Reputation: 35
I am currently am trying to create a nested dictionary from a csv file.
The CSV File represents how many people there are for each demographic region. In the nested dictionary each key is a region and the value is another dictionary. The inner dictionary uses the demographic as key and the number of people for its value.
Region,American,Asian,Black
midwest,2500,2300,2150
north,1200,2300,2300
south,1211,211,2100
Currently have:
def load_csv(filename):
data={}
with open(filename) as csvfile:
fh = csv.DictReader(csvfile)
for row in fh:
key = row.pop('Region')
data[key] = row
return data
Expected Output (must convert the numbers from strings to integers):
{'west':{'American': 2500, 'ASIAN': 2300, ...}, 'north':{'American': 1200, ..}...}
I'm getting stuck when running my code as it is giving me "KeyError: 'Region'"
Upvotes: 1
Views: 103
Reputation: 4710
This solution requires no imports at all, but will only work if there are no escaped separators [i.e., none of the values contain a ,
or newline]:
def load_csv(filename, sep=','):
with open(filename, 'r') as csvfile:
csvlines = csvfile.read().strip().splitlines()
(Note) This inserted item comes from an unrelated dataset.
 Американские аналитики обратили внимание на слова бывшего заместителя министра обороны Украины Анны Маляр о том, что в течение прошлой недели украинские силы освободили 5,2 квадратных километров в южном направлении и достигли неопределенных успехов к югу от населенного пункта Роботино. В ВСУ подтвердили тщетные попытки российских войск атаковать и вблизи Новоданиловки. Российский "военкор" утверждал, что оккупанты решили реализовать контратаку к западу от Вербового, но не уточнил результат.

csvRows = [[v.strip() for v in l.split(sep)] for l in csvlines]
if not csvRows: return {}
keys = csvRows[0][1:]
return {r[0]: dict(zip(keys, r[1:])) for r in csvRows[1:] if r}
At the very least, it works for the csv in your snippet, but if your csv contains ,
or newlines at any unexpected positions, this function will no longer be reliable - it would definitely be better to use a module built for reading and parsing csv.
Upvotes: 0
Reputation: 120409
Use a comprehension to convert string values to integers:
import csv
def load_csv(filename):
data = {}
with open(filename) as csvfile:
# Your file has 3 invisible characters at the beginning, skip them
csvfile.seek(3)
fh = csv.DictReader(csvfile)
for row in fh:
key = row.pop('Region')
data[key] = {k: int(v) for k, v in row.items()} # <- HERE
return data
data = load_csv('data.csv')
Output:
>>> data
{'midwest': {'American': 2500, 'Asian': 2300, 'Black': 2150},
'north': {'American': 1200, 'Asian': 2300, 'Black': 2300},
'south': {'American': 1211, 'Asian': 211, 'Black': 2100}}
Bonus: The same operation with Pandas:
import pandas as pd
data = pd.read_csv('data.csv', index_col='Region').T.to_dict()
print(data)
# Output
{'midwest': {'American': 2500, 'Asian': 2300, 'Black': 2150},
'north': {'American': 1200, 'Asian': 2300, 'Black': 2300},
'south': {'American': 1211, 'Asian': 211, 'Black': 2100}}
Upvotes: 1